Typical UART designs we've seen work in a way that char is fed into UART one by one. For the UART you are using, may we know which design it is from? Also can it be fed char one by one too?

Regards,
Joey

Revision history for this message
Roland King (rols-x) said :
#5

Tejas, apologies for making you dive into the C90 spec and thank you for both answers. I'm not surprised that this falls under the category of implementation defined or even undefined, that's why I asked the question. The code in question is an edge case, and rather a horrid piece of test code, in any sane case the compiler would be doing the right thing here and saving space.

My point 2 was bad. I was trying various 'small changes' to see if I could discern what caused the compiler to elide, or not elide, the string init. That was one of the changes which caused it not to be dropped. There were others, including, if I remember correctly, just adding a piece of assembler at the end of the function which put 0 into r0. None of that however is very helpful and just confuses the whole issue so, sorry for that.

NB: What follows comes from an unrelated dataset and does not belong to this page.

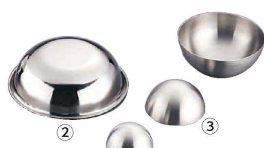
② Ω 18-0 ボンブ型 (WBV-06)
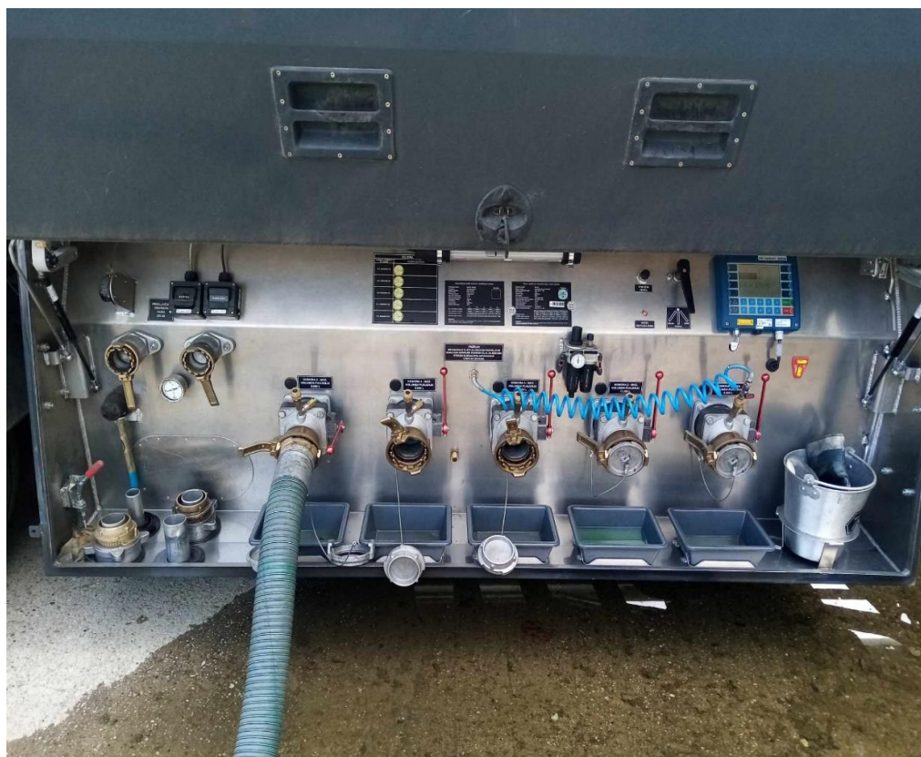
Slika 8. Priključci za istakanje na autocisterni

Autocisterna može imati odnosno najčešće ima više komora u kojima se nalaze različite vrste goriva. Isto tako može imati, više istaknih priključaka (što je u novije vrijeme pravilo, rijetke su autocisterne starijih generacija koje imaju jedan istakni priključak). Na sljedećoj slici, slici 8, prikazani su priključci za istakanje na autocisterni. U istom trenutku moguće je istakati više vrsta goriva, uz uvjet da se spremnici u koje se pretače nalaze u blizini jedan drugome, zbog sigurnosnih mjera.

Joey. The chip in this case is the new Nordic nRF52. Yes it's quite usual to have a single or double buffered register you put one character at a time in, the previous incarnation, the nRF51 has exactly that. The '52' now has DMA on it so you can just point the register at a chunk of memory, tell it how long it is, start the task and it will automatically churn it out and tell you when it's done. My experience is that any of the chips which use DMA have registers which take an address in memory and take data from, or put data to, that chunk of memory. Usually they would of course be long-lived heap-allocated buffers, not a piece of stack memory, this code was distilled down from someone just testing where they made a local string and tried to write it and were surprised when, optimized and compiled with gcc, they got random data.

You can still use the old one-character-in-a-register way of sending but DMA is much better, and a long-awaited feature and the old char-at-a-time method is deprecated.

The nRF52 uses DMA for lots of peripherals now, so there's a lot of writing memory addresses to registers where there wasn't before. That's why it was worth understanding what happens under optimization and why as someone else is probably going to do the same thing and ask the same question.

I did search for something I could annotate the register with which is better than 'volatile' which hinted it was a hardware register, or even better a hardware register which pointed to memory, which might tell the compiler to be ultra-extra-conservative, but I didn't find one.

Revision history for this message
Roland King (rols-x) said :
#6

Thanks Tejas Belagod, that solved my question.